Musky are only one of several species being tagged before the DNR puts them in the rivers and streams of West Virginia.

Give me one of those bad boys. This process, they're not actually tagging the fish, but they're cutting the back fins off, these little channel cats and they put them back here. If one of these guys are caught in a catch and release or somebody turns one in, they know this is a DNR fish.

But today, the stars of the show are the musky....They "are" being tagged.

Chris O'Barra/DNR says:
"Put a blue tatoo mark on the fin of the fish so we can determine if they are fish raised in our hatchery or if they were naturally reproduced in the streams or rivers. We'll go back, usually in the spring, and do electric fishing surveys in the area we are stocking the fish, in the rivers and streams."

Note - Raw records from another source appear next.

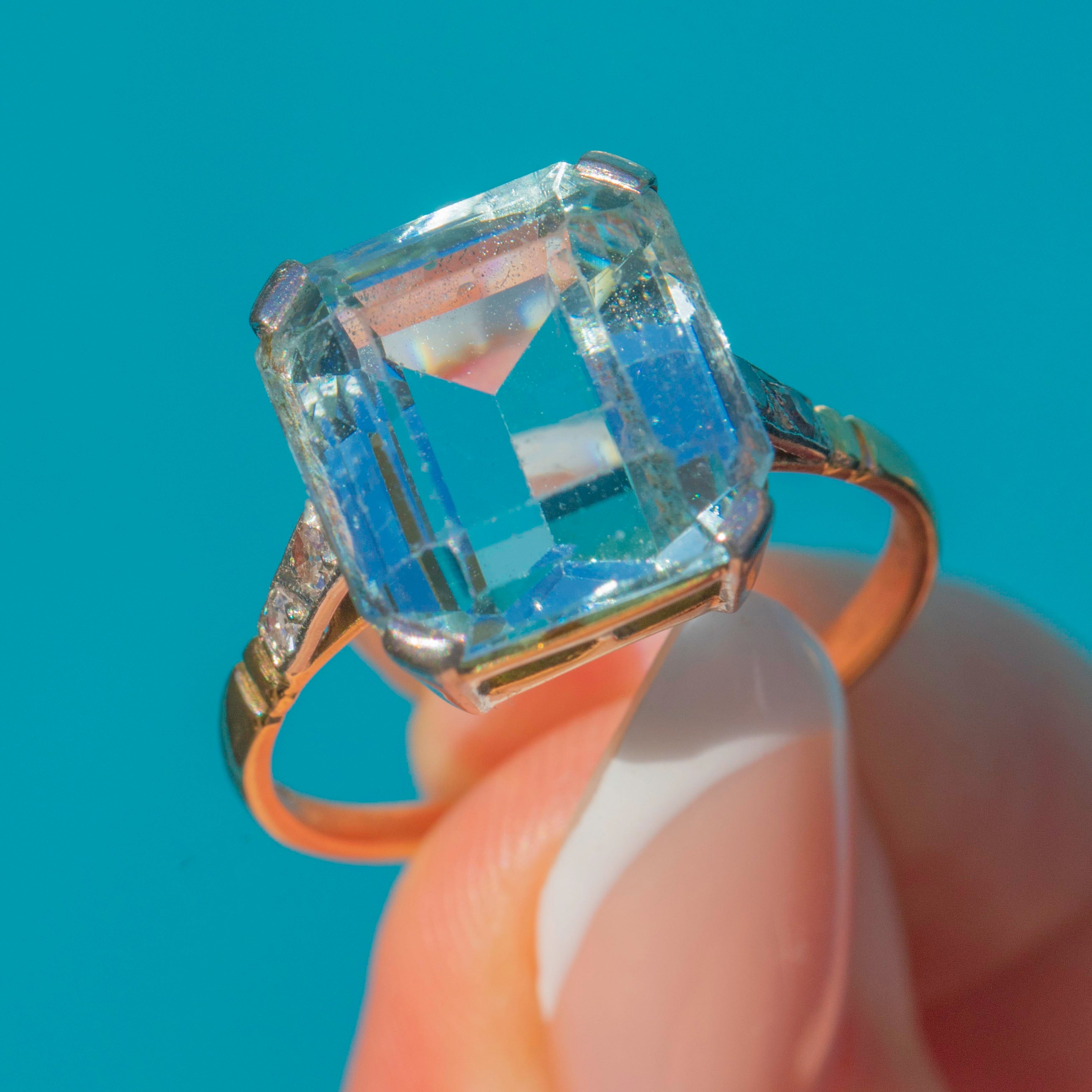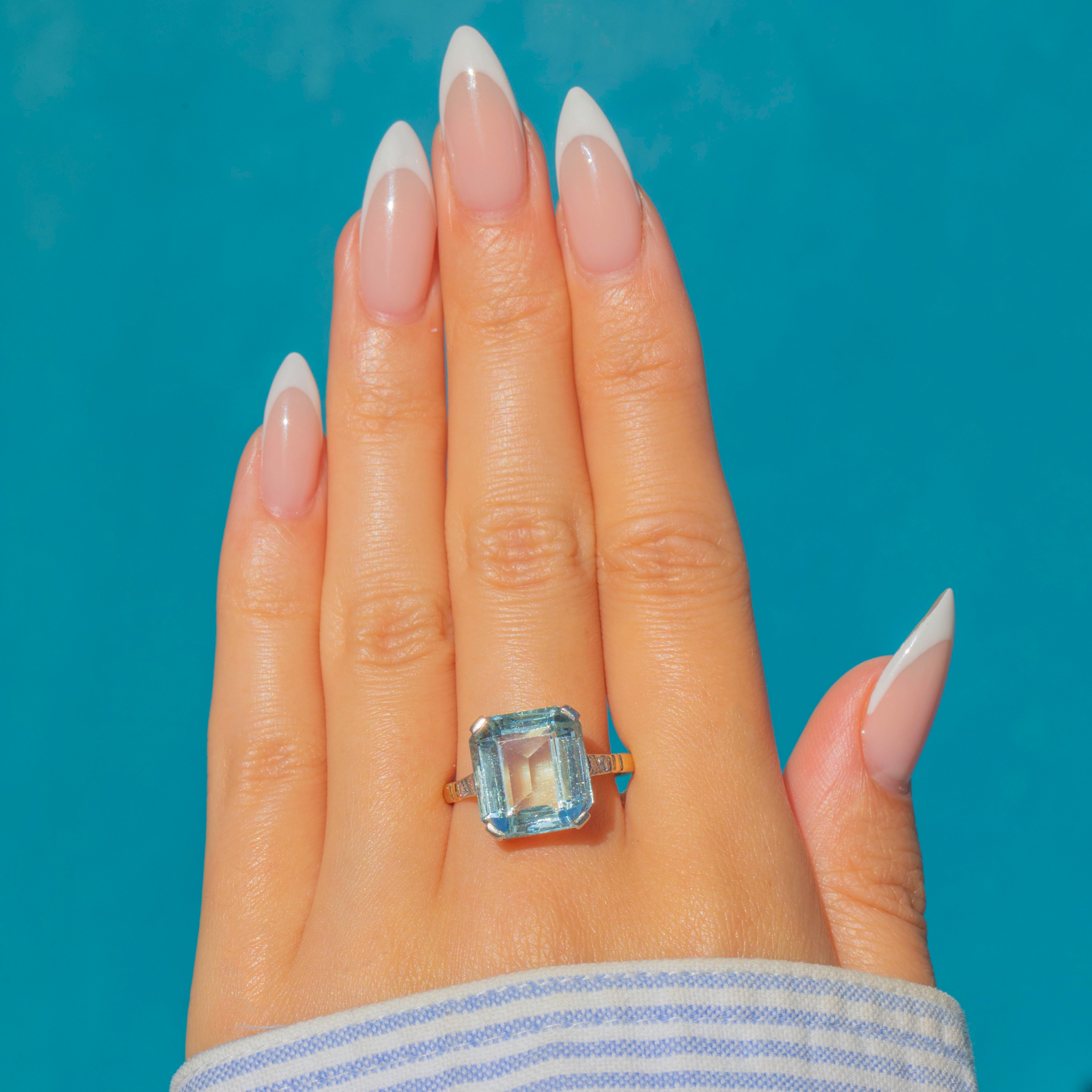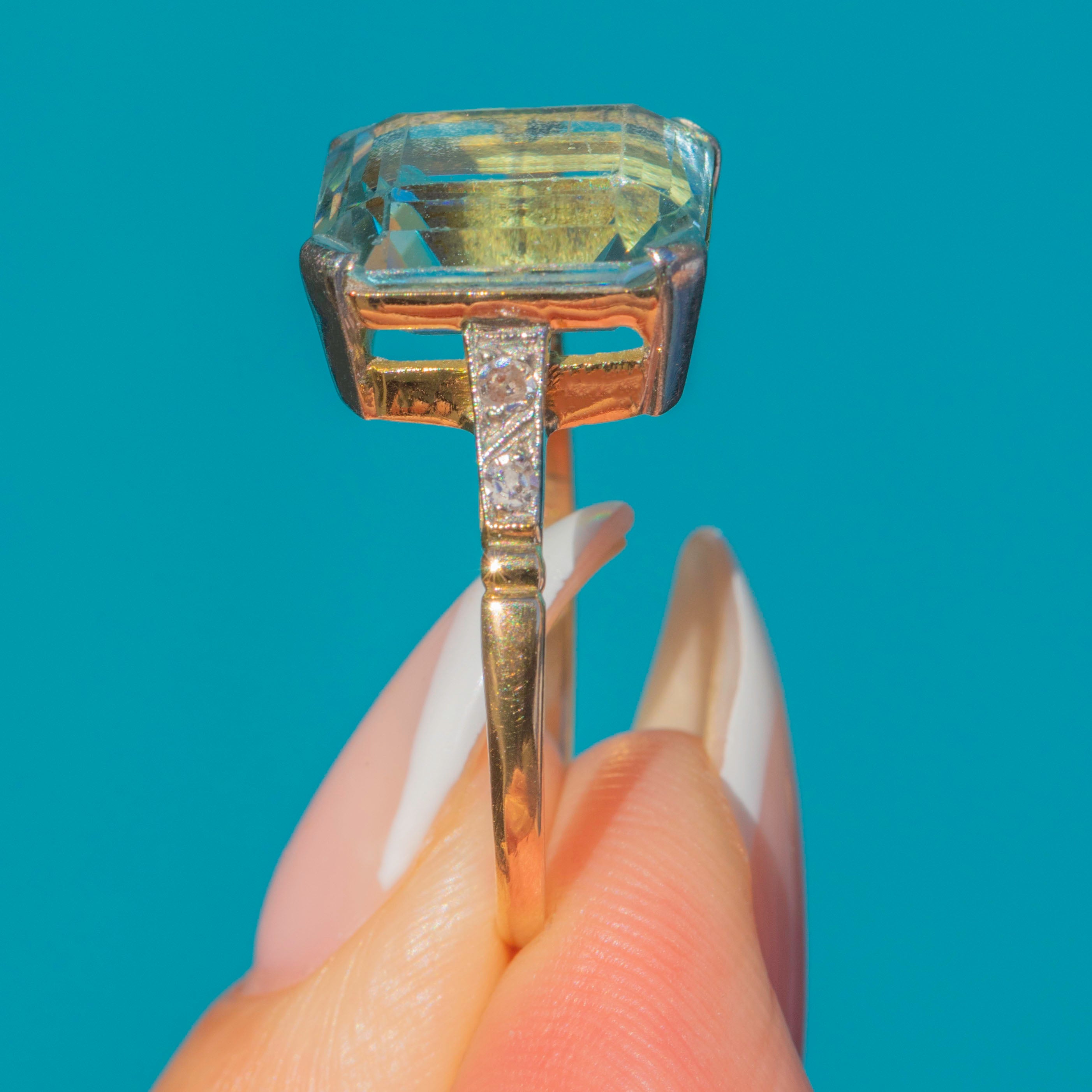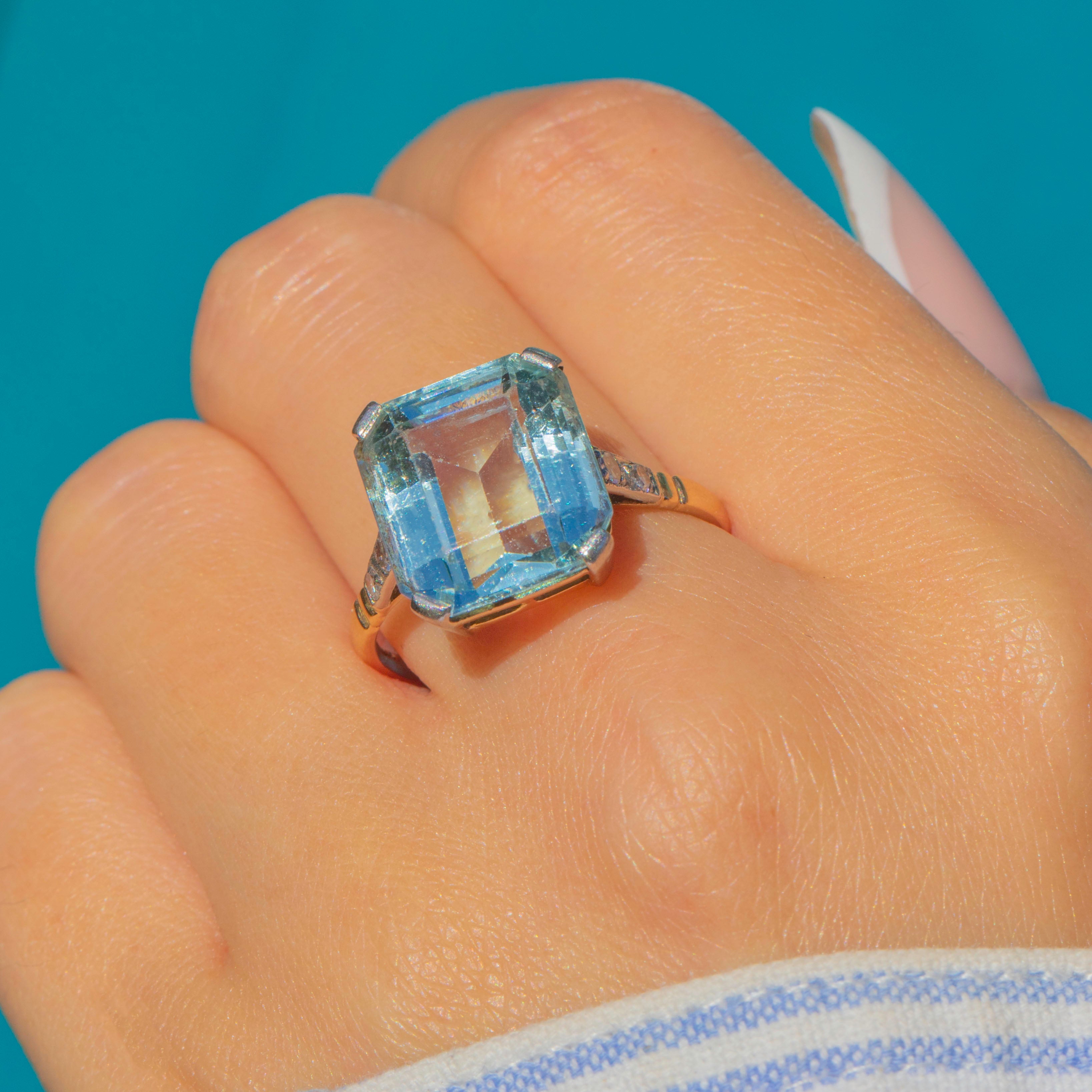 A magnificent Art Deco Aquamarine ring, crafted in 18ct Gold with Platinum settings. At its heart sits a large rectangular cut Aquamarine of exceptional clarity and colour, weighing approximately 5.50ct. Its cool blue hue and striking geometric cut epitomise the glamour and elegance of the Art Deco era.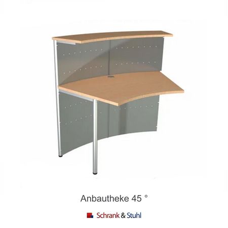Hinter der Thekenfront befindet sich ein vollwertiger Arbeitsplatz. Die Arbeitsplatte ist 65 cm tief und 72 cm hoch. Die Platten sind melaminharzbeschichtet und mit ABS-Kanten versehen. Des Weiteren besitzt jede Arbeitsplatte eine Kabeldurchlassdose.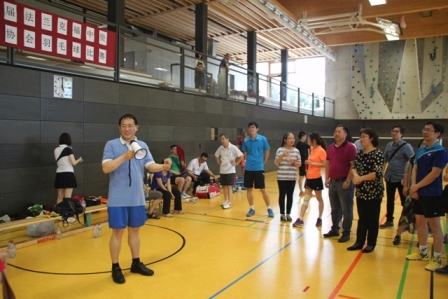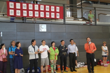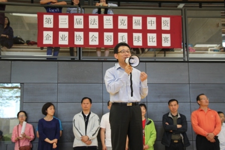 驻法兰克福总领馆总领事王顺卿,中国银行法兰克福分行行长、法兰克福中资企业协会主席李光分别为本届比赛致辞。王总领事在致辞中叮嘱大家友谊第一、安全第 一、娱乐第一、比赛第二,要以增进各企业之间的互动和丰富企业员工和家属的业余生活强身健体,增强企业凝聚力为目标,并衷心的祝愿比赛圆满成功,各团队赛 出水平赛出风格。李光主席在致辞中感谢各会员企业对本次活动的积极参与,同时表示协会将继续开展这项有益于健康和工作的运动,希望通过比赛吸引更多的中资 企业员工加入到健身运动中来,最后预祝各团队取得好成绩。驻法兰克福总领馆经商室朱伟革参赞当天也来到了比赛现场为各参赛选手加油助威。
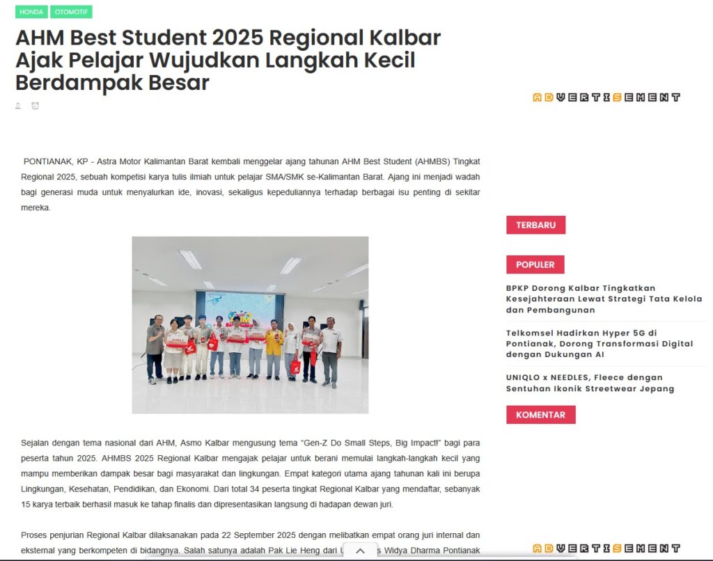 AHM Best Student 2025 Regional Kalbar Ajak Pelajar Wujudkan Langkah Kecil Berdampak Besar by Muhammad Arif 5 Oktober 2025 in Silahkan kunjungi https://www.kapuaspost.web.id/2025/10/ahm-best-student-2025-regional-kalbar.html. Tags: astra Astra Motor kalbar Astra Motor Pontianak astramotor honda kalbar pontianak sepeda motor You Might Like Regional Public Launching New ADV160 The SUV Pride Grand Launching New PCX 160 Truly Exceptional! Tetap hati-hati ya bro sist berkendara saat hujan.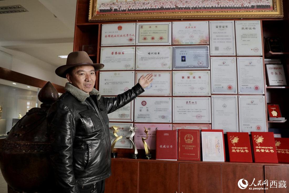 2012年傳承人羅布占堆獲中國工藝美術(shù)大師稱號。人民網(wǎng) 次仁羅布攝

Raising these future trophy musky takes a lot of work. So does the tagging process. The DNR couldn't do it without a lot of help from volunteers like Musky Inc members.

Jim Moore/Musky Inc. says:
"The DNR gives us an opportunity to come out and help them come. We're interested in musky, we like to see them grow up and get big. We've seen these advanced fingerlings are really helpful when they stock them. They allow us to be part of it and I think that's something we give back to them. It's just good to be here and do it with them."

In a few years, many of these 18 inch babies will be 50 inch trophies with some luck, maybe you'll find on the end of your line one day. Good luck!